Goal of the exercise: Give back every record below word for word, with the pictures omitted.

Input data:
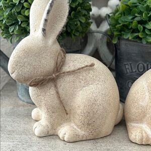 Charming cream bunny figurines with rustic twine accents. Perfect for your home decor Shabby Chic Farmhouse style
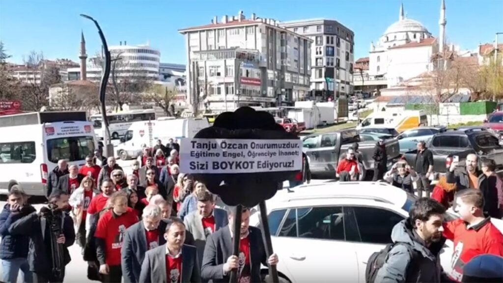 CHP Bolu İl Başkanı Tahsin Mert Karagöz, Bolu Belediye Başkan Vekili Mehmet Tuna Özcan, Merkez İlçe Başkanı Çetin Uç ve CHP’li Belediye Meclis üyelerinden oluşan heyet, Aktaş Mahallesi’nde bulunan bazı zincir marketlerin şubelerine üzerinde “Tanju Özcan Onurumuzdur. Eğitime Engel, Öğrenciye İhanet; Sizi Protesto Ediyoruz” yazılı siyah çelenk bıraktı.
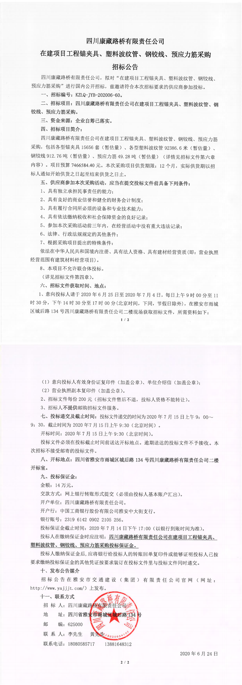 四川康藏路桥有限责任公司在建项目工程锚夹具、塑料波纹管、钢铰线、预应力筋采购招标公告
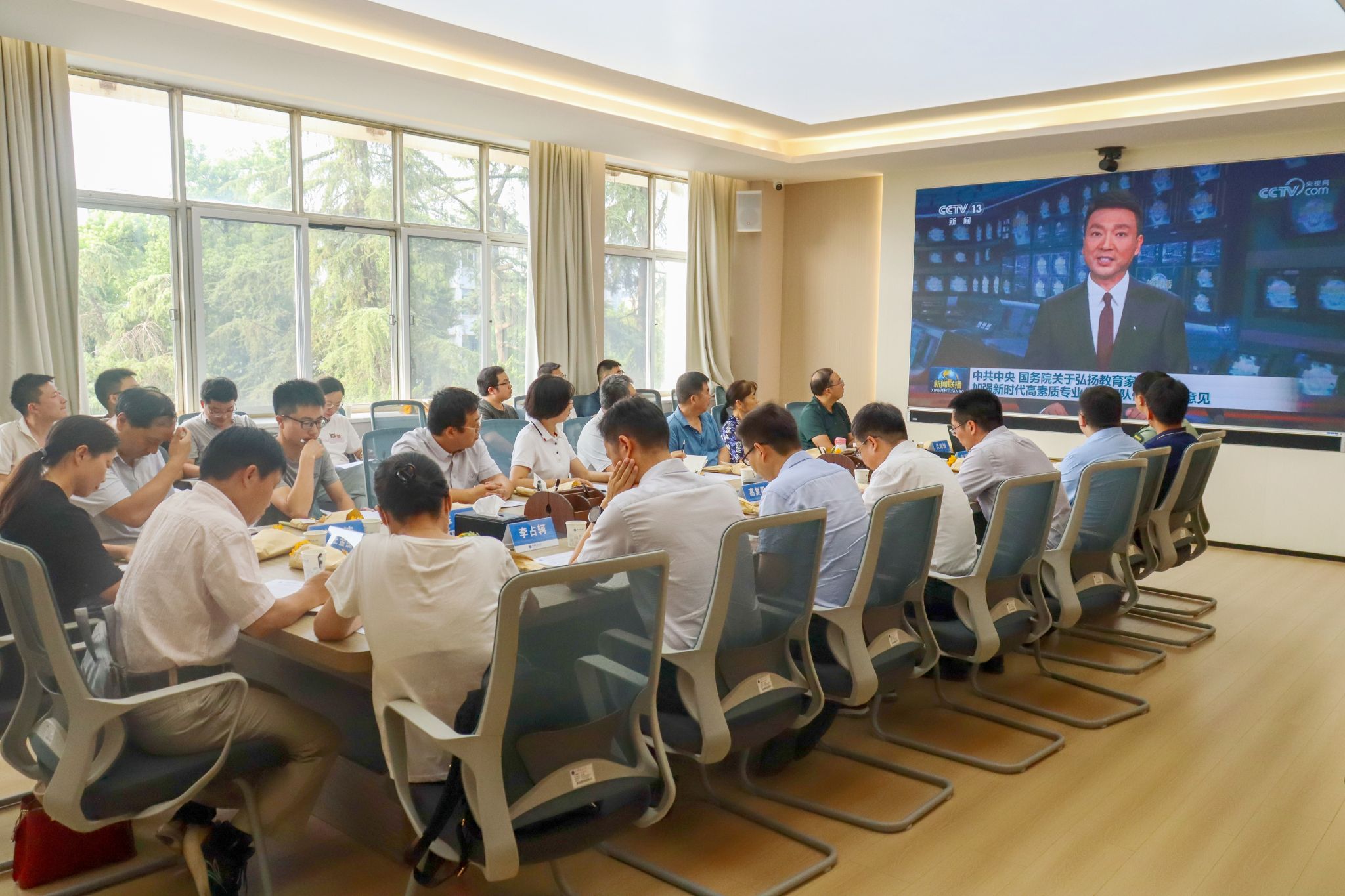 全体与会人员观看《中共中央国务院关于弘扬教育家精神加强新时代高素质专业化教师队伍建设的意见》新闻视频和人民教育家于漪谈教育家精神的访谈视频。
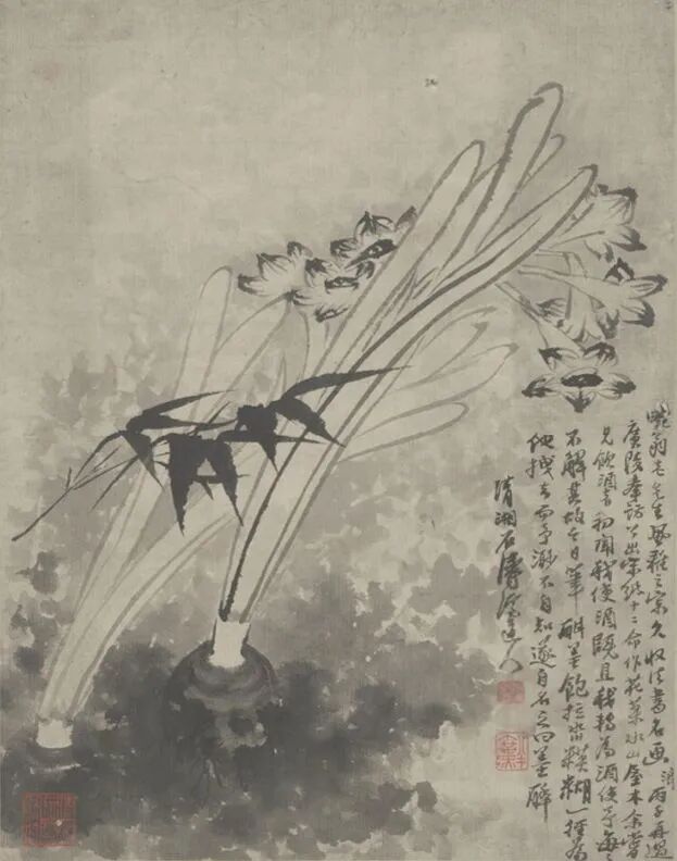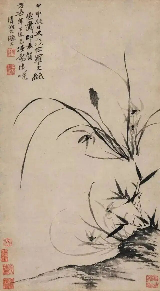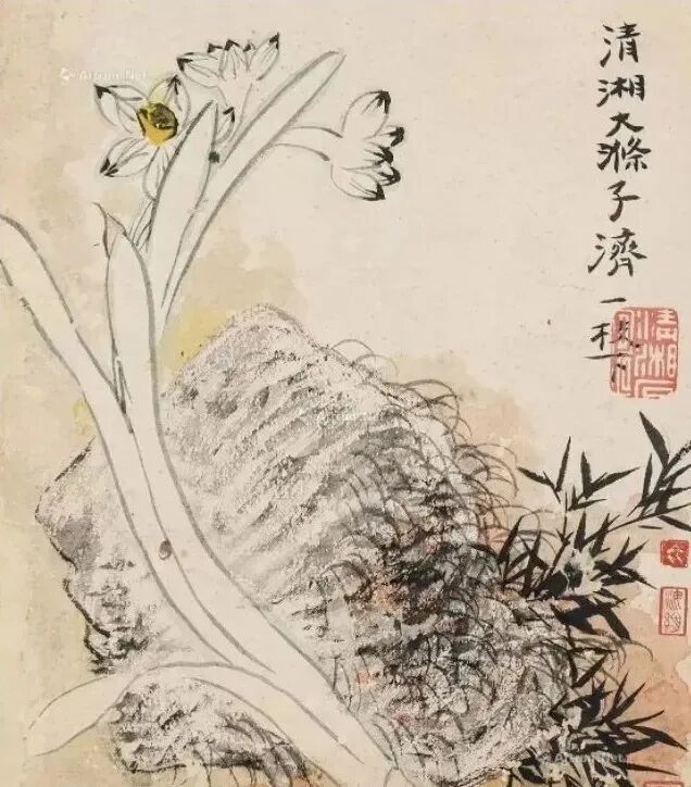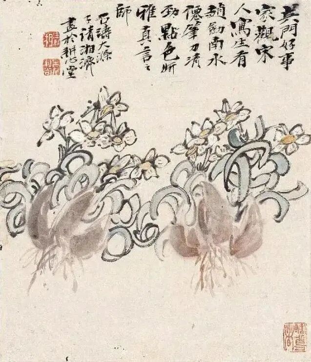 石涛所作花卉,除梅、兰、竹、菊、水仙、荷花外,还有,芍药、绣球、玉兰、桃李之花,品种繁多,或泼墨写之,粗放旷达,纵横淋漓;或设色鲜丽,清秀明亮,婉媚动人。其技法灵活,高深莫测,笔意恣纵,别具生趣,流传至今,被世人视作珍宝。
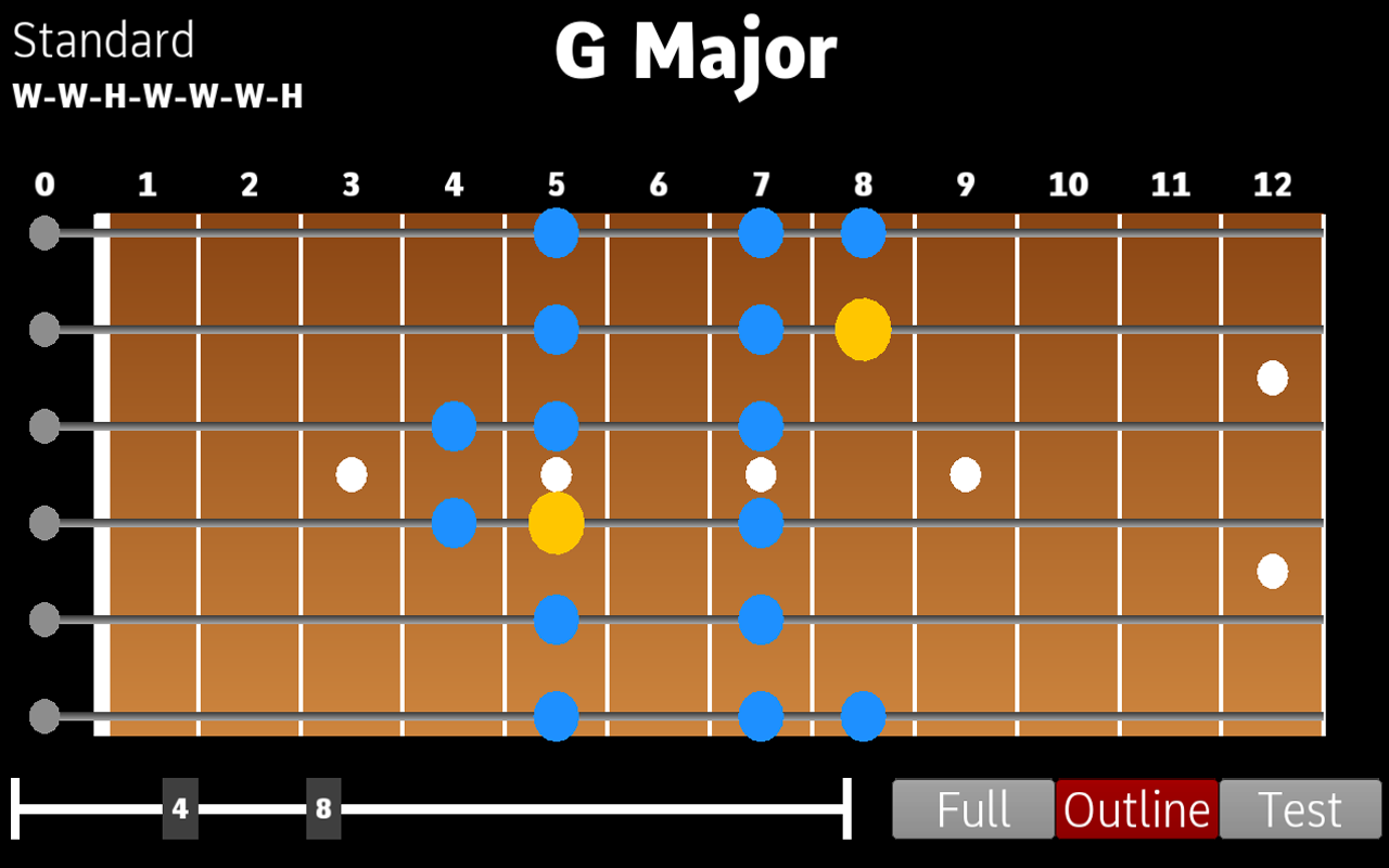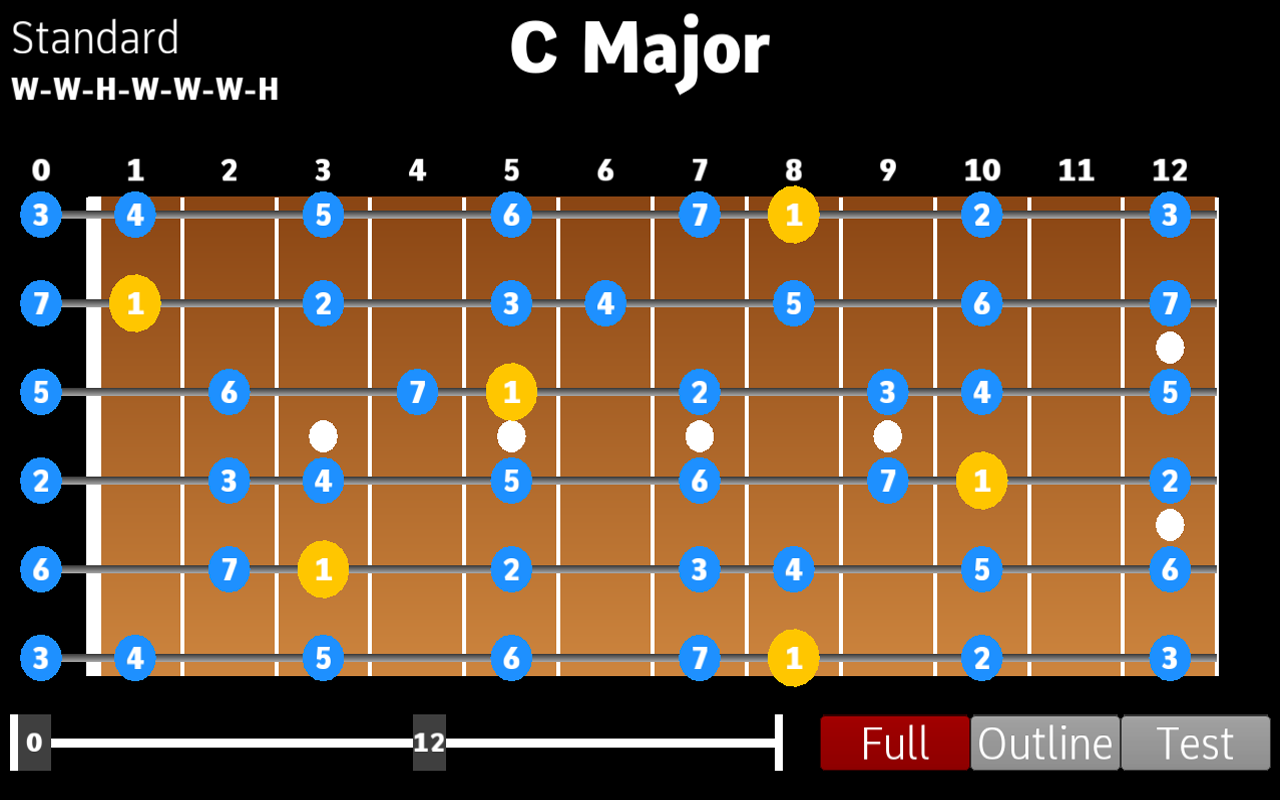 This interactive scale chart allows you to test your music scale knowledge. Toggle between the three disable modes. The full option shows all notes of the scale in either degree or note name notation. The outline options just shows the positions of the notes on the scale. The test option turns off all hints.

Output of the task:
 Charming cream bunny figurines with rustic twine accents. Perfect for your home decor Shabby Chic Farmhouse style
 CHP Bolu İl Başkanı Tahsin Mert Karagöz, Bolu Belediye Başkan Vekili Mehmet Tuna Özcan, Merkez İlçe Başkanı Çetin Uç ve CHP’li Belediye Meclis üyelerinden oluşan heyet, Aktaş Mahallesi’nde bulunan bazı zincir marketlerin şubelerine üzerinde “Tanju Özcan Onurumuzdur. Eğitime Engel, Öğrenciye İhanet; Sizi Protesto Ediyoruz” yazılı siyah çelenk bıraktı.
 四川康藏路桥有限责任公司在建项目工程锚夹具、塑料波纹管、钢铰线、预应力筋采购招标公告
 全体与会人员观看《中共中央国务院关于弘扬教育家精神加强新时代高素质专业化教师队伍建设的意见》新闻视频和人民教育家于漪谈教育家精神的访谈视频。
 石涛所作花卉,除梅、兰、竹、菊、水仙、荷花外,还有,芍药、绣球、玉兰、桃李之花,品种繁多,或泼墨写之,粗放旷达,纵横淋漓;或设色鲜丽,清秀明亮,婉媚动人。其技法灵活,高深莫测,笔意恣纵,别具生趣,流传至今,被世人视作珍宝。
 This interactive scale chart allows you to test your music scale knowledge. Toggle between the three disable modes. The full option shows all notes of the scale in either degree or note name notation. The outline options just shows the positions of the notes on the scale. The test option turns off all hints.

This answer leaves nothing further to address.